Is religious faith innate? Scientific studies suggest that humans are not wired to be atheists.

Skeptics often assert that humans are “born as atheists,” but recent studies indicate that this may in fact not be the case. Graham Lawton, a self-labeled atheist, asserted in the New Scientist that cognitive studies show “atheism is psychologically impossible because of the way humans think . . . even people who claim to be committed atheists tacitly hold religious beliefs, such as the existence of an immortal soul.” For example, many admitted atheists engage in religious practices, such as cleansing rituals and prayer-like internal monologues, without being consciously aware of it.

Religion a Product of Evolution?

Scientists postulate that innate religious belief may very well be an adaptation to a harsh and dangerous world. Humans are naturally prone to seeing patterns, ascribing higher meaning to their lives, and looking for an underlying purpose in things. These tendencies serve as important ways in which people deal with things such as death, suffering, and fear of the unknown. Being the only animal species consciously aware of the inevitability of death, humans likely created or adapted to religious belief in order to cope with these challenges. From this psychological perspective, religious faith has vital practical uses.

Religion has many important applications from an anthropological perspective as well.
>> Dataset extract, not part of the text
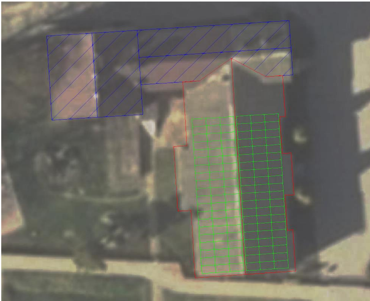
Rozmieszczenie instalacji fotowoltaicznej na dachu budynku Urzędu Gminy.

Instalacja fotowoltaiczna ma powstać na dachu budynku Urzędu Gminy Gołymín-Ośrodek.

Almost every tribal hunter-gatherer group and large agricultural civilization have maintained religious traditions, and the differences between the two types of human societies help illustrate the utility of faith. Hunter-gatherers, who depend completely on flora and wild animals for sustenance, tend to be animistic. Animistic religions ascribe spirituality to the plants and animals on which hunter-gatherer peoples rely, and these groups pray to these spirits in hopes of having safe and successful hunting and foraging expeditions.

Agricultural civilizations that arose after the Neolithic revolution, however, gave rise to larger, more centralized organized religions which replaced tribal animism. These religions overwhelmingly featured pantheons of deities such as gods of war and gods of the harvest, key features of agricultural societies. It is perhaps no coincidence that some of the earliest signs of civilization are massive temples. Mesopotamian ziggurats in the Middle East, for example, are indicators of the early states in that region. These organized and hierarchical religions helped humans adapt to the larger and more centralized societies and kingdoms that arose from agricultural breakthroughs.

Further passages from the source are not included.